Server: I don’t understand! A. S I give you, I also give you the expiration time, and GIVE you a max-age=60(unit of seconds), last-Modified you also give me close, and add a file content unique identifier Etag.

Follow-up request….

For 60 seconds, do not initiate a request and use the local cache directly. (Max-age =60 means that a request will not be initiated within 60 seconds after the request is successfully cached, which is similar to Expires, but max-age has a higher priority than Expires. The differences will be explained later.)

60 seconds later, the browser uses if-modified-since and if-none-match to initiate the request. The server compares if-none-match with Etag. The server does not compare if-modified-since with last-modified.

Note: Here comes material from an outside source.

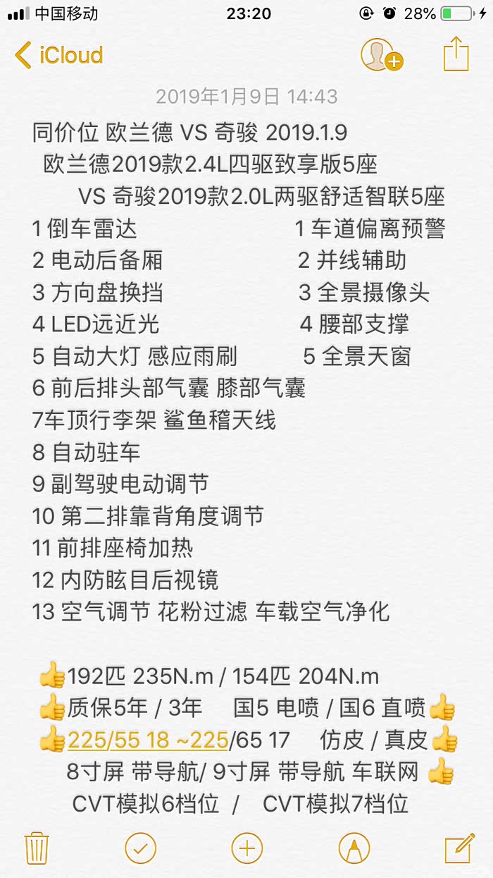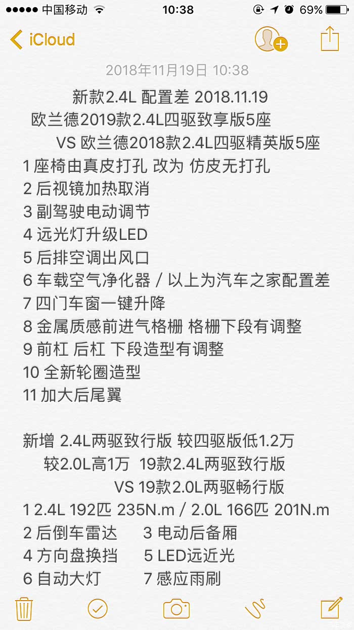 这个是自己备忘录记录的 19款欧蓝德 和18款欧蓝德 差异明细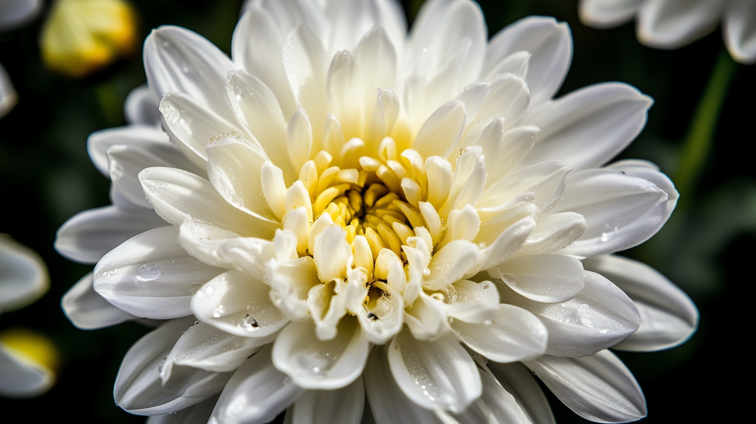 Close-up of a white chrysanthemum with dewy petals and a vibrant yellow center, showcasing intricate details and natural beauty.

If -none-match is not equal to Etag, the a.js content has been Modified, and the server returns the latest A.js and new Etag and max-age=60 and last-Modified and Expires

If -none-match is equal to Etag, the contents of the a.js file have not changed, and 304 is returned, telling the browser to continue using the previous local cache.

As shown below, the server Etag is the same as if-none-match, so it returns the status code 304. Although there is also if-modified-since and last-Modified, there is no comparison here.

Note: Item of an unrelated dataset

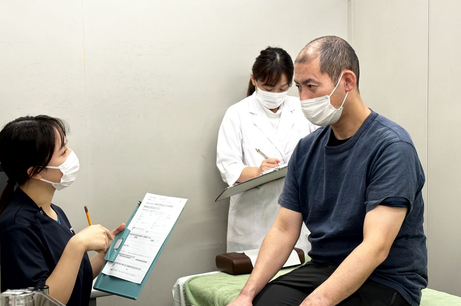 模擬患者は、卒業生や教員養成の学生さんに務めてもらい、現代医学的にも東洋医学的にも検査をし、治療を実施します。

Problem: We can accurately compare server files with local cached files, but there is a major flaw in the evolution of the above solutions. Max-age or Expires do not expire, and the browser cannot actively detect changes in server files.

4. HTTP cache scheme

1. The md5 hash/cache

By adding MD5 or hash ids to static files without caching HTML, the browser can proactively detect file changes without skipping the cache expiration time.

Why do you do that? What is the implementation principle?

The HTTP cache scheme we talked about earlier, the comparison of file modification time between the server and the browser, and the comparison of file content identification, are based on the premise that the two file paths are exactly the same.

Module /js/a-hash1.js and module/js/a-hash2.js are two completely different files. The file reference becomes module/js/a-hash2.js, and the browser will simply request a-hash2.js again, because these are two completely different files. There is no comparison between HTTP cache files. We can fundamentally solve the problem of the browser not being able to request the server before the expiration time. So we just need to add a different MD5 or Hash identifier to the modified static file each release iteration of the project.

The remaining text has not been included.